И.Я.: Однако Чехословакия распалась тихо и мирно.
К.Б.: Это другое дело: там был симбиоз двунационального государства, и чем дальше, тем хуже они ладили между собой. А я имею в виду феномен национального государства. В России — будем смотреть правде в глаза — в преобладающей мере сохраняется психология национального, а не многонационального государства. Двадцать процентов населения не-русских национальностей акцентируют многонациональный, федеративный характер своего государства, а из 80 процентов русских подавляющее большинство считают его национальным. Кстати, именно этот факт позволил многим смириться с распадом Союза: уступка пространства компенсировалась укреплением русской идентичности в рамках нового государства — России. Поэтому дальше “делиться” россияне не намерены. Психологическая невозможность дальнейшего “отступления”, думаю, тоже предопределяет невозможность утраты территорий Сибири. Когда японцы предлагают нам безумные суммы за четыре, пусть очень красивых, но все же камня, наши правители говорят нет, хотя, полагаю, внутренне некоторые политики хотели бы эти суммы оприходовать, а главное — снять территориальную проблему, мешающую развитию нормальных отношений с Японией, которая является второй экономической державой мира.
И.Д.: Все же очень не хочется верить, что сохранение Сибири в качестве российской территории обусловлено лишь объективными гео-политико-экономическими факторами. Неужели руководство страны не должно и не может предпринять определенные сознательные усилия для более интенсивного освоения, развития этой территории и улучшения качества жизни ее населения?
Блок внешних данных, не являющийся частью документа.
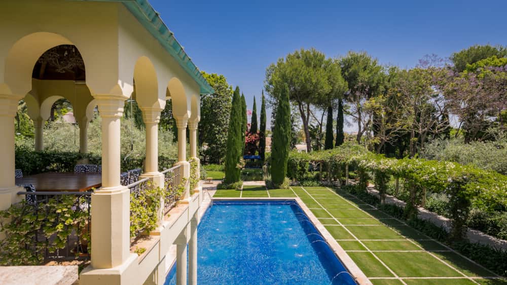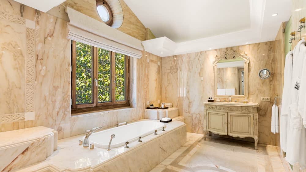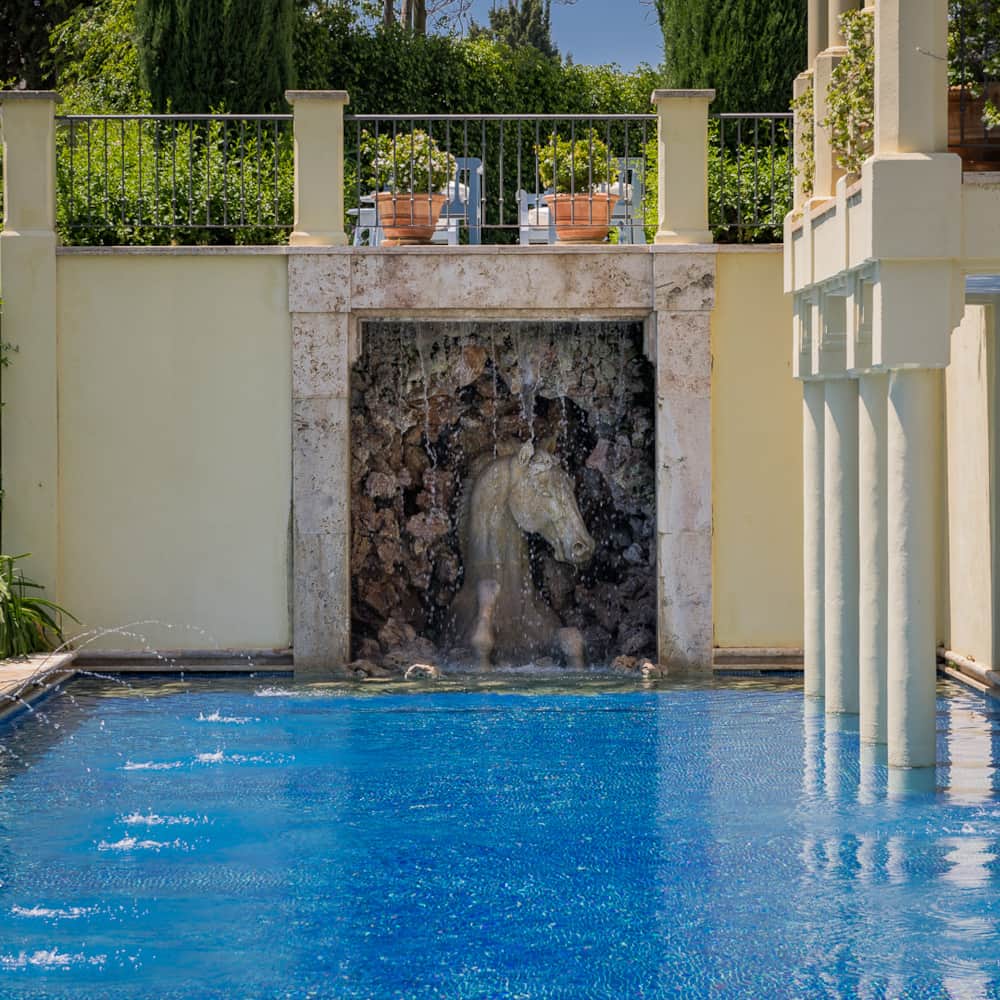 The grounds of the villa are surely one of the property’s main selling points, providing guests with a number of areas to explore and enjoy. The mature gardens host a number of pleasant scents and ensure the villa’s privacy is maintained, while the manicured lawns are perfect for fun and games with the children. The grounds have several different areas for relaxing in the sun, which include a covered al-fresco dining area, tennis pavilion, and private tennis court. The large ornate swimming pool, complete with hand carved stone horse sculpture, is perfect for a refreshing dip, while the heated swimming pool located next to the main house, ensures guests can get in the water even during the colder months.

К.Б.: Еще Ломоносов не уставал повторять: богатство России будет прирастать Сибирью. К сожалению, несмотря на массу красивых слов, и в советские времена, и теперь Сибирь продолжает восприниматься слишком многими в Центре как сырьевой придаток. Отсутствует комплексная долгосрочная стратегия ее развития. Вернее, быть может, на бумаге такая стратегия и существует, но тот факт, что ни я, ни девяносто процентов ваших читателей о ней не ведают, говорит лишь об одном: об отсутствии политической воли придать этой стратегии абсолютно приоритетный характер. Действительно, если мы хотим не только формально удержать Сибирь под своим суверенитетом, а фактически владеть и распоряжаться ею, закрепить ее за собой необратимо, пора переходить от присваивающего к расширенно воспроизводящему и обустраивающему типу хозяйствования на этой обширной территории.
И.Я.: Что касается Сибири, то я вовсе не имел в виду, что она станет частью Китая. Хотя бы потому, что США никогда не допустят, чтобы Китай владел территорией, простирающейся до самого Северного полюса. Я говорил о том, что русские — и в этом проявляется природа русского человека — не любят и не готовы жить там, где они являются меньшинством. Когда в Советском Союзе русские были абсолютным большинством (хотя эмпирически они могли, скажем, в Армении или Грузии составлять существенное меньшинство), они считали себя людьми “первого сорта”. Комфортная ситуация для русского — это когда он доминирует. В ситуации, когда он не доминирует, — скажем, в эмиграции, — он просто растворяется, причем очень быстро: два поколения — и русского нет. И если территория Сибири будет постепенно наполняться — неважно кем: корейцами, китайцами, вьетнамцами… — то русским придется решать вопрос: растворяются ли они в этом море или остаются русскими. И тогда я допускаю дивергенцию в рамках некоего “русского мира”, “русского сообщества” — назовите, как хотите. Русские будут стремиться уехать куда-нибудь за Урал, за Волгу, чтобы сохранить свою национальную идентичность, а в Сибири начнет развиваться качественно новое население, с новой идентичностью — как североамериканцы в свое время стали новой идентичностью относительно Англии. Это не может произойти за двадцать лет, но лет за пятьдесят-шестьдесят — вероятно. Ведь было же до революции так называемое сибирское областничество: считалось, что территории за Уралом — это, по существу, колония России со своими особенностями, в том числе демографическими. Такая логика жива и поныне. И если Сибирь будет продолжать заселяться выходцами с юга, там может сложиться некая новая демографическая целостность. Какая-то часть собственно русских будет готова смириться с этим, а другая уедет и станет концентрироваться на территориях, где русские будут составлять абсолютное большинство.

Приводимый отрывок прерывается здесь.